Post #1 of 15 (1591 views)
recursively find non-ascii characters in file Can't Post

Hi!

I have some nasty, non-ascii character in some files that contains php code. What I want to do here is to recursively find all the files that contains a specific non-ascii character in the file. And most importantly - i need to know the name of that file.

So far, I found a script that looks into a file for non-ascii characters:


Code
while (<>) { 
s/([\x80-\xff])/sprintf "\\x{%02x}",ord($1)/eg;
print;
}


Ok, this is good, the non-ascii character that I'm looking for is:



Code
 
x{ef}\\x{bb}\\x{bf}


The problem here is that i can can't run this script to run recursively and I don't get the name of the file that contains this characters.

I've tried with bash, but since it's standard output, I can't get any resault on this.
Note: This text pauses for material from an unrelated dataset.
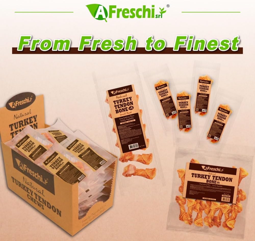 A Freschi srl Turkey Tendons for Dogs, USA-Sourced, Healthy Dog Treats, Rawhide-Free Puppy Chews, Long Lasting, All Natural, Hypoallergenic Dog Treats for Small Breeds, 8 oz Pack Bone (S),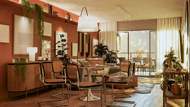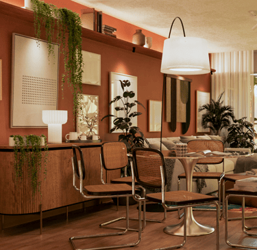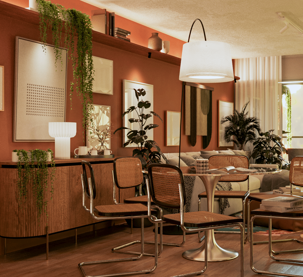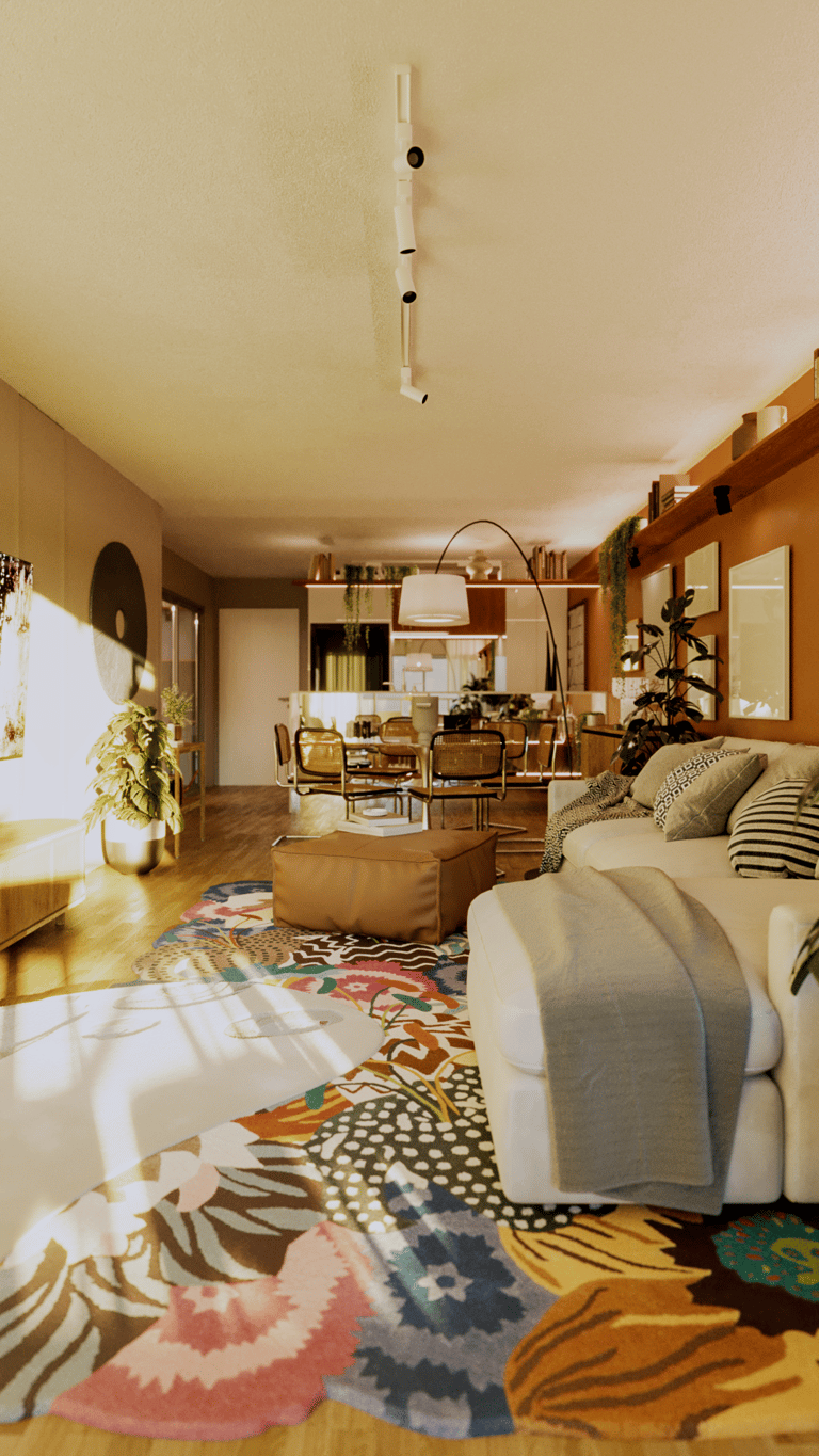 A proposta foi criar ambientes acolhedores e expressivos com intervenções pontuais, mas com forte presença. Apostamos em móveis prontos, escolhidos com precisão para compor uma atmosfera única, com cores quentes, texturas naturais e muitas plantas que trazem vida e suavidade. A iluminação também teve papel essencial — explorando diferentes cenas para transformar o espaço ao longo do dia e da rotina. Um apartamento funcional, afetuoso e cheio de identidade.

Here is what I've tried:



Code
 
find |xargs /usr/local/bin/check_for_non-ascii_characters.sh |grep -l 'x{ef}\\x{bb}\\x{bf}'


So, I need a way to recursively find non-ascii characters (a specific pattern, mentioned before) in all files and I need the name of the files containing it.

Thanks


(This post was edited by romild0 on Jan 7, 2009, 1:16 AM)


FishMonger
Veteran / Moderator

Jan 7, 2009, 4:12 AM

Post #2 of 15 (1581 views)
Re: [romild0] recursively find non-ascii characters in file [In reply to] Can't Post

Why must it be recursive? Is it a requirement for a homework assignment?


romild0
Novice

Jan 7, 2009, 4:18 AM

Post #3 of 15 (1579 views)
Re: [FishMonger] recursively find non-ascii characters in file [In reply to] Can't Post

It's not for homework, It's a real-life example. I need to search the whole svn branch for files with this non-ascii characters. That's why it needs to be recursive.


FishMonger
Veteran / Moderator

Jan 7, 2009, 5:16 AM

Post #4 of 15 (1577 views)
Re: [romild0] recursively find non-ascii characters in file [In reply to] Can't Post

use File::Find;
http://search.cpan.org/~nwclark/perl-5.8.9/lib/File/Find.pm

or

use IO::Dir::Recursive;
http://search.cpan.org/~flora/IO-Dir-Recursive-0.03/lib/IO/Dir/Recursive.pm

Personally, I'd use File::Find unless you prefer to write your own recursion sub that traverses the tree.


romild0
Novice

Jan 7, 2009, 5:21 AM

Post #5 of 15 (1575 views)
Re: [FishMonger] recursively find non-ascii characters in file [In reply to] Can't Post

Thanks for the tip. But more than I need a recursive method, I need a way to see what file contains non-ascii characters.


FishMonger
Veteran / Moderator

Jan 7, 2009, 5:52 AM

Post #6 of 15 (1572 views)
Re: [romild0] recursively find non-ascii characters in file [In reply to] Can't Post

The find() subroutine of the File::Find module handles the recursion. You need to write the "wanted()" sub that is passed to find() by reference which processes each file that the find() sub returns.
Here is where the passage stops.